_SOURCE MATERIAL_
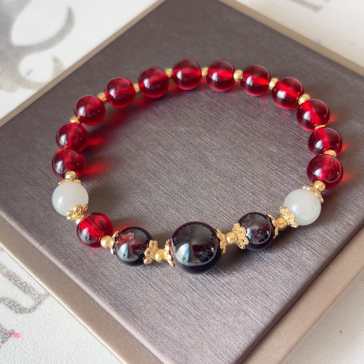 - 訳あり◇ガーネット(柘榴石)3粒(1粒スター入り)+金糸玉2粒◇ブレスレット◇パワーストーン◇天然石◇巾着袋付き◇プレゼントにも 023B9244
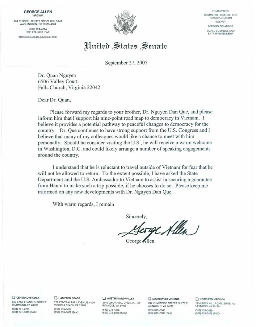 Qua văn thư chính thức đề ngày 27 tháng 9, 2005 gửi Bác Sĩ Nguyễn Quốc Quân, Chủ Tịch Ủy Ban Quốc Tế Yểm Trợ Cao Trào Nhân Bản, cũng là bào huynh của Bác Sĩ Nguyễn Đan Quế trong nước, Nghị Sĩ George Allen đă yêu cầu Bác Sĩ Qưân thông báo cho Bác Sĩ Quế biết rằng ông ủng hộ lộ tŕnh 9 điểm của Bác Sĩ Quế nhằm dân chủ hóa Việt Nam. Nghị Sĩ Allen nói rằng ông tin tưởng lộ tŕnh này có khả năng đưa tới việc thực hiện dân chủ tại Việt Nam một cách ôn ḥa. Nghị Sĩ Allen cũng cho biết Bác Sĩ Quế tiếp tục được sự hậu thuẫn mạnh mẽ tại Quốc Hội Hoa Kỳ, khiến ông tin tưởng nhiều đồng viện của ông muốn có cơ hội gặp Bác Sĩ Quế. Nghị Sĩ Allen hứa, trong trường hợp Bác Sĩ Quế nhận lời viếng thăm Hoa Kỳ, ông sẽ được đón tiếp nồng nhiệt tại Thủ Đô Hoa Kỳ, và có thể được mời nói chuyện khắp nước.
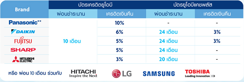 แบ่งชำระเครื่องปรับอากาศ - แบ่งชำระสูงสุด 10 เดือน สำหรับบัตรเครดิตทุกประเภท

...

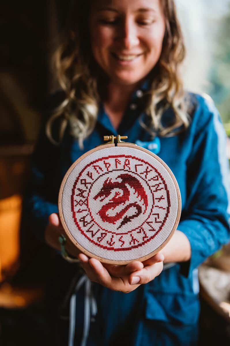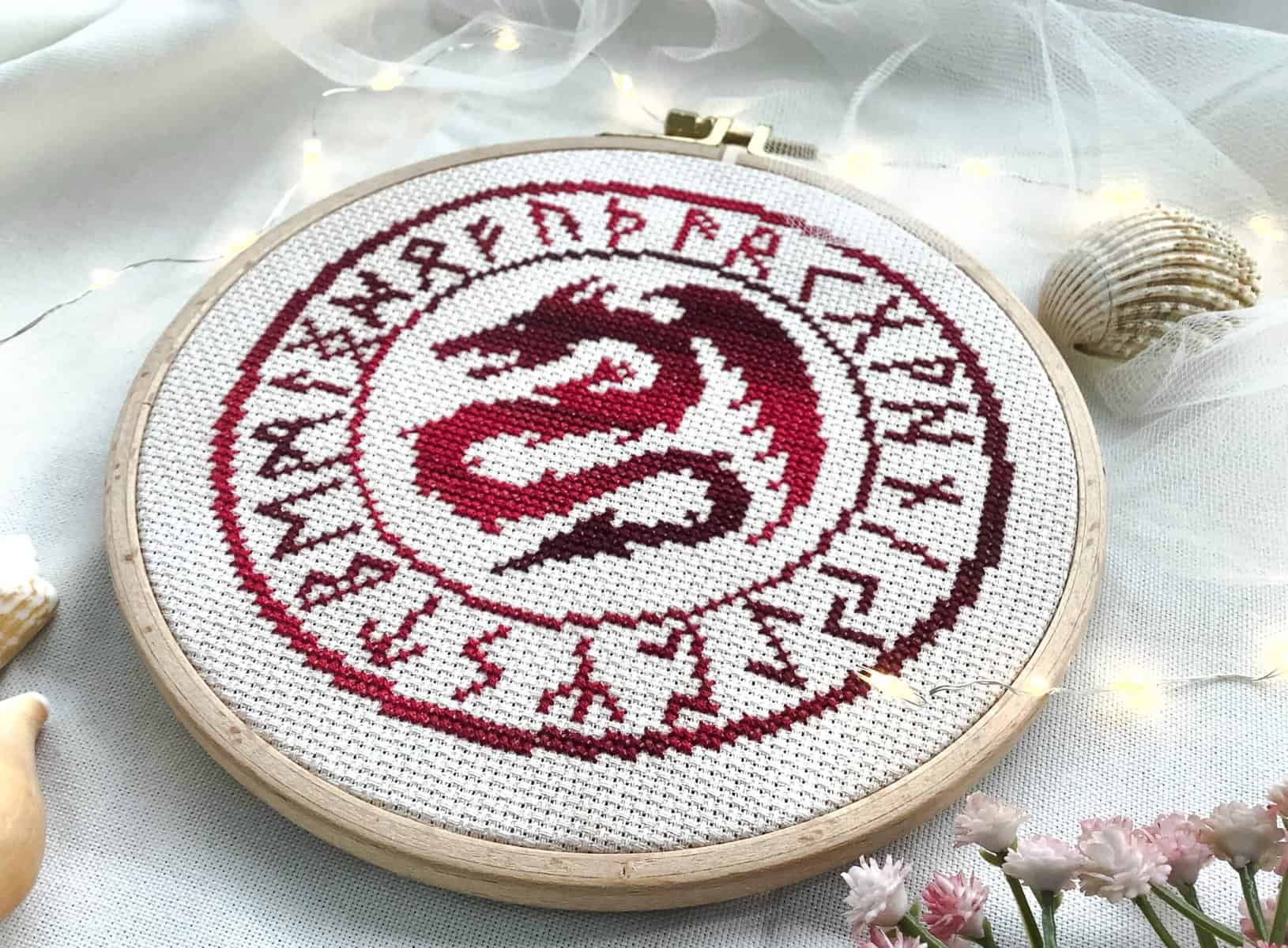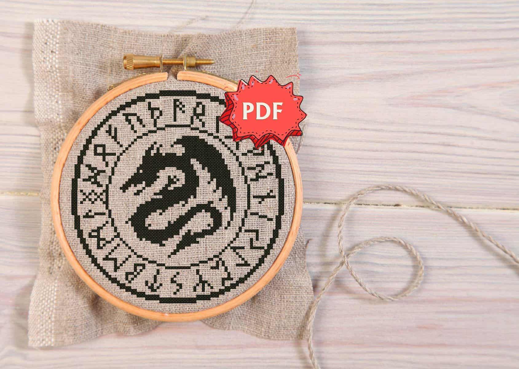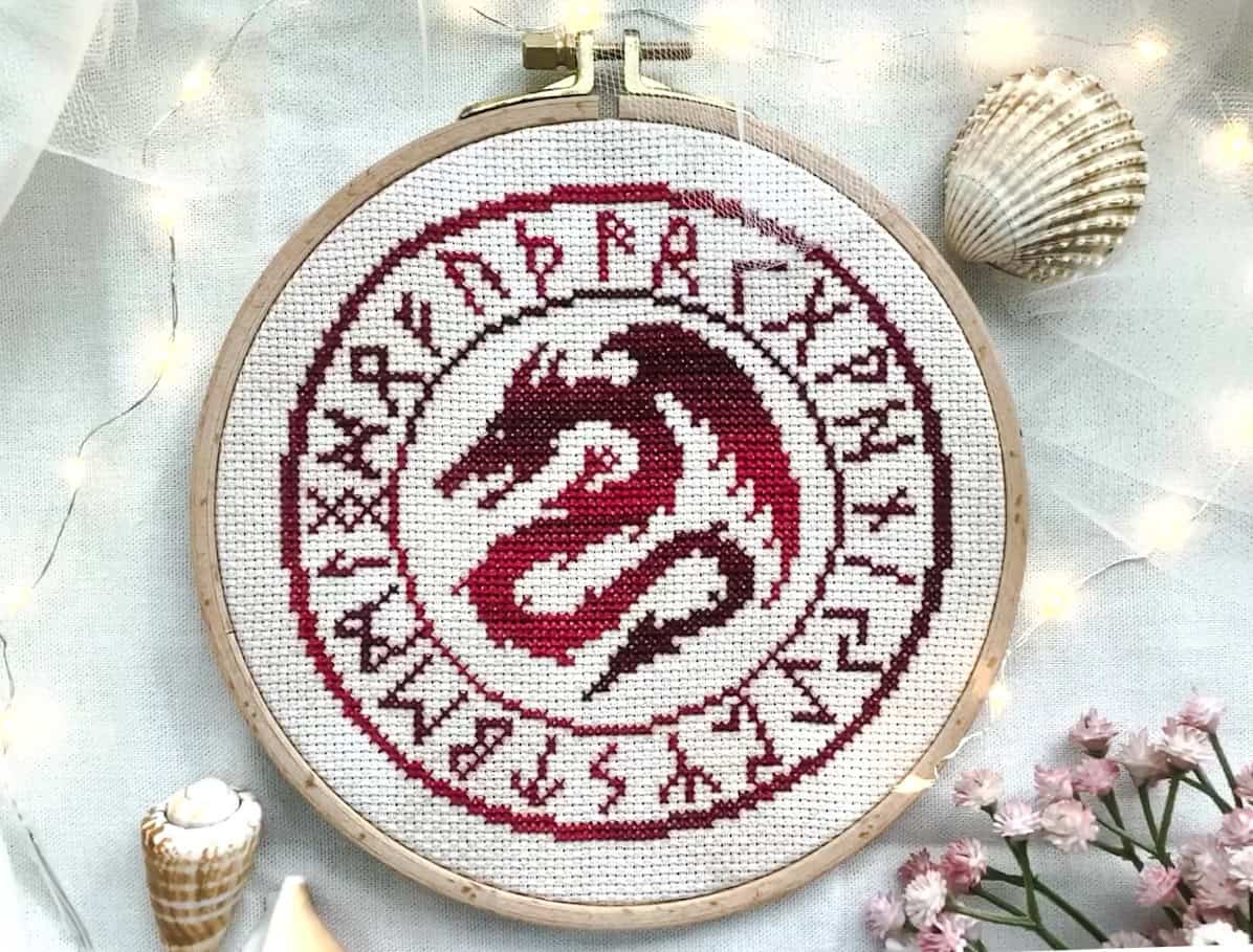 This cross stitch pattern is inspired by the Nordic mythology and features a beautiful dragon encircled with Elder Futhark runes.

==

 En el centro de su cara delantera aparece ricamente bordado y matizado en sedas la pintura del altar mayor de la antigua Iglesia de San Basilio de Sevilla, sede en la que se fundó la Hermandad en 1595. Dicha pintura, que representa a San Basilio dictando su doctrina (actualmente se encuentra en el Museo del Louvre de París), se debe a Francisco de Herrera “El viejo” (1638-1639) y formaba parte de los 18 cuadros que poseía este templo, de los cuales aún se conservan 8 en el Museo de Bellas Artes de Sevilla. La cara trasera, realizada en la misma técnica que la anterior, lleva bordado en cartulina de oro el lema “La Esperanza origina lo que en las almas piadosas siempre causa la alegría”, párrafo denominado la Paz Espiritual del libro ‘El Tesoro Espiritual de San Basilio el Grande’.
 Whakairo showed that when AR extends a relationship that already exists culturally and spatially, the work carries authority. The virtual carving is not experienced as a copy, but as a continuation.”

_TASK PROMPT_
In the listing above, find the line with "Qua văn thư" and the line with "แบ่งชำระเครื่องปรับอากาศ - แบ่งชำระสูงสุด". Set down both and every line between them, minus the pictures.

_OUTPUT FOR THIS EXERCISE_
 Qua văn thư chính thức đề ngày 27 tháng 9, 2005 gửi Bác Sĩ Nguyễn Quốc Quân, Chủ Tịch Ủy Ban Quốc Tế Yểm Trợ Cao Trào Nhân Bản, cũng là bào huynh của Bác Sĩ Nguyễn Đan Quế trong nước, Nghị Sĩ George Allen đă yêu cầu Bác Sĩ Qưân thông báo cho Bác Sĩ Quế biết rằng ông ủng hộ lộ tŕnh 9 điểm của Bác Sĩ Quế nhằm dân chủ hóa Việt Nam. Nghị Sĩ Allen nói rằng ông tin tưởng lộ tŕnh này có khả năng đưa tới việc thực hiện dân chủ tại Việt Nam một cách ôn ḥa. Nghị Sĩ Allen cũng cho biết Bác Sĩ Quế tiếp tục được sự hậu thuẫn mạnh mẽ tại Quốc Hội Hoa Kỳ, khiến ông tin tưởng nhiều đồng viện của ông muốn có cơ hội gặp Bác Sĩ Quế. Nghị Sĩ Allen hứa, trong trường hợp Bác Sĩ Quế nhận lời viếng thăm Hoa Kỳ, ông sẽ được đón tiếp nồng nhiệt tại Thủ Đô Hoa Kỳ, và có thể được mời nói chuyện khắp nước.
 แบ่งชำระเครื่องปรับอากาศ - แบ่งชำระสูงสุด 10 เดือน สำหรับบัตรเครดิตทุกประเภท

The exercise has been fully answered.